If the call is completed abnormally (such as an exception occurs inside the virtual machine, or an exception is explicitly thrown by the athrow instruction in the method call), if the exception is not caught by the current method, the method will exit without returning any value to the caller.
2.2.3.1.3 Additional information: The virtual machine specification allows some information not described in the specification to be added to the stack frame in a specific virtual machine implementation, such as debugging-related information. This information is called additional information.
2.3 Local method stack
In the Java virtual machine, the specific implementation of the native method stack is not specified (or may not be implemented). The Java virtual machine generally uses the C-linkage model to implement Java native calls (JNI), so we also call the native method stack "Cstacks". The native method stack is also thread-private and has the same life cycle as the thread.
It serves the native method (Native Method), and the native method (Native Method) can in turn call the Java method in the virtual machine. In this case, the thread will leave the native method stack and open a new one on the Java virtual machine stack. stack frame.
2.4 Non-heap memory
Non-heap memory includes Permanent Generation and Code Cache.
2.4.1 Permanent Generation contains two parts, one part is the method area (Method Area), the other part is the string constants (interned strings, interned strings, fixed strings -- string constants).

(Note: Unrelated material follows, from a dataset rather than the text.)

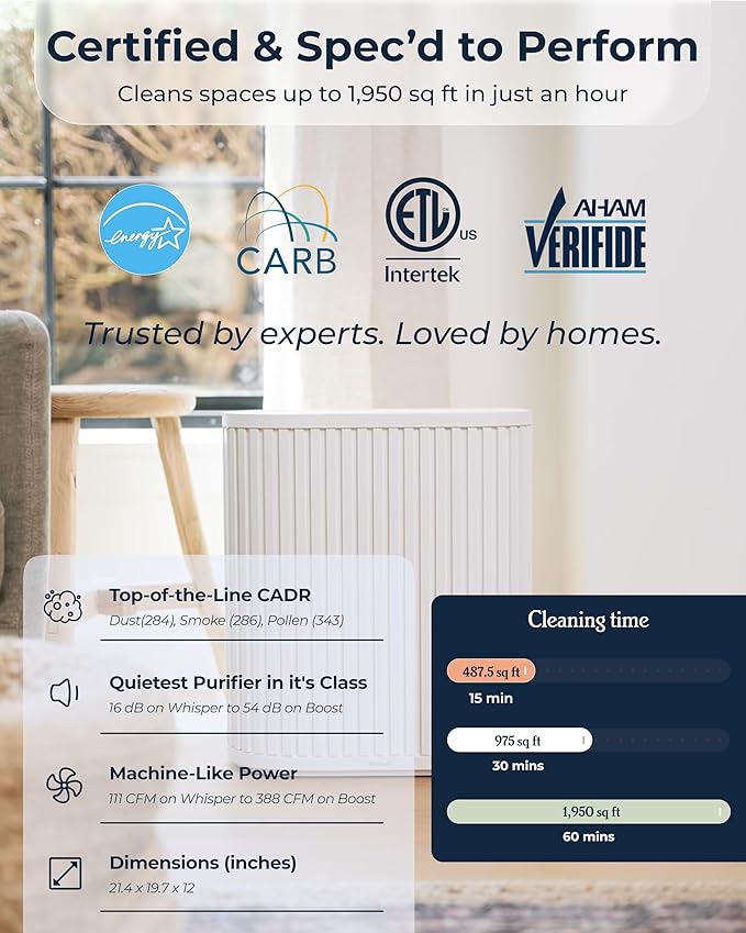 - EFFICIENT COVERAGE FOR YOUR HOME: Perfect for large rooms and open spaces, this air purifier cleans up to 1,950 sq. ft., making it ideal for all room types. With a CADR of up to 309, it can provide consistent and powerful air purification across large spaces.
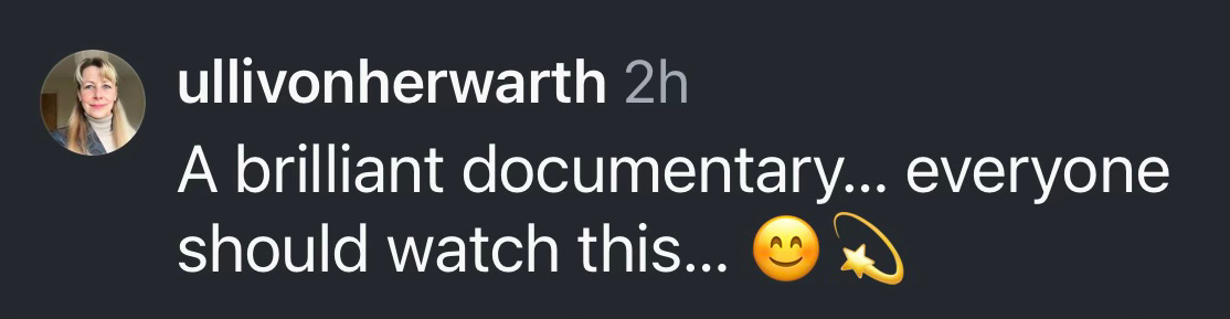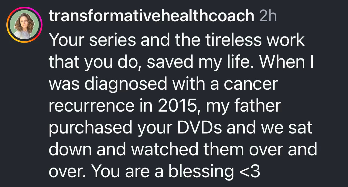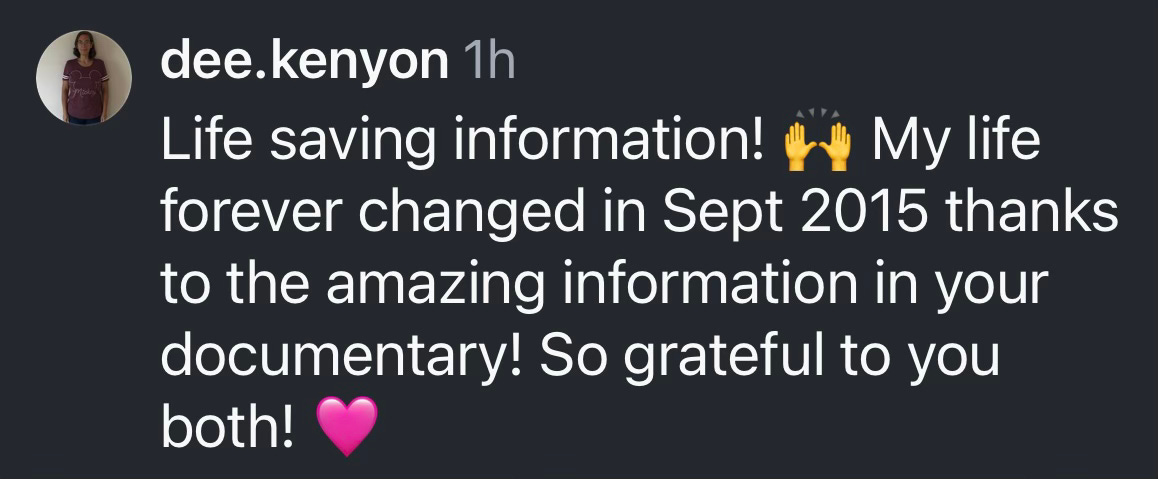 Since then we have been censored, banned, persecuted, our lives have been threatened, we had to flee America more than once to keep our family safe from harm, we have been put on a hit list called the “Disinformation Dozen” for telling the truth about COVID and vaccines (I guess that makes us 2 of the most dangerous 12 people out of 8 BILLION people on earth LOL) … but in it all, we press on, FOR YOU. And because we never gave up, we never gave in, many people who would be dead without this film are alive and even cancer free today after watching “A Global Quest.” Here are just a few comments we got on our social media platforms today:

2.4.1.1 Method Area: The method area is created on virtual machine start-up, which stores information about each class, such as,
① Classloader Reference (Classloader Reference)
②Runtime constant pool (string constants, numeric constants, class references, member variable references, instance method references, etc.)
③ Member variable data (member variable name, type, modifier, attribute table): including instance variables and class variables (static, static variables)
④Member method data (method name, return value type, parameter type (in order), modifier, attribute table)
⑤ Method code: After being compiled into bytecode instructions by the compiler, it is stored in an attribute named Code in the method attribute table set (attributes). Code contains (bytecode, operand stack size, local variable size, Local variable table, exception table [start point, end point, program counter (PC) offset of exception handling code, constant pool index corresponding to the caught exception class]).
All threads share the same method area, so the process of accessing method area data and dynamic linking must be thread-safe. If two threads try to access a field or method of a class that has not yet been loaded, it must be loaded only once, and both threads must wait for it to be loaded before continuing.
2.4.1.2 Resident string (string constant): In HotSpot of JDK1.7, the string constant part has been removed from the method area.
2.4.2 The Code Cache is used to compile and store methods that are compiled into native machine code by the JIT compiler. Java bytecode is interpreted, but it is not as fast as executing machine code on the JVM's host CPU. To improve performance, Hotspot VM will find frequently executed hot codes and compile them into native code, which is stored off-heap in the code buffer in memory.
2.5 Heap Memory
The heap is used to allocate class instances, arrays at runtime. Data and objects cannot be allocated on the Java virtual machine stack, because stack frames are designed to not be resized after they are created, and stack frames only store references to objects or arrays in the heap.
Objects are always allocated on the heap and can only be reclaimed by the garbage collector. The heap is the key area managed by the garbage collector.
In order to support the garbage collection mechanism, the heap is divided into the following three areas: Young Generation (often divided into Eden and Survivor [From Survivor space and To Survivor space]), Old Generation, Permanent Generation Generation).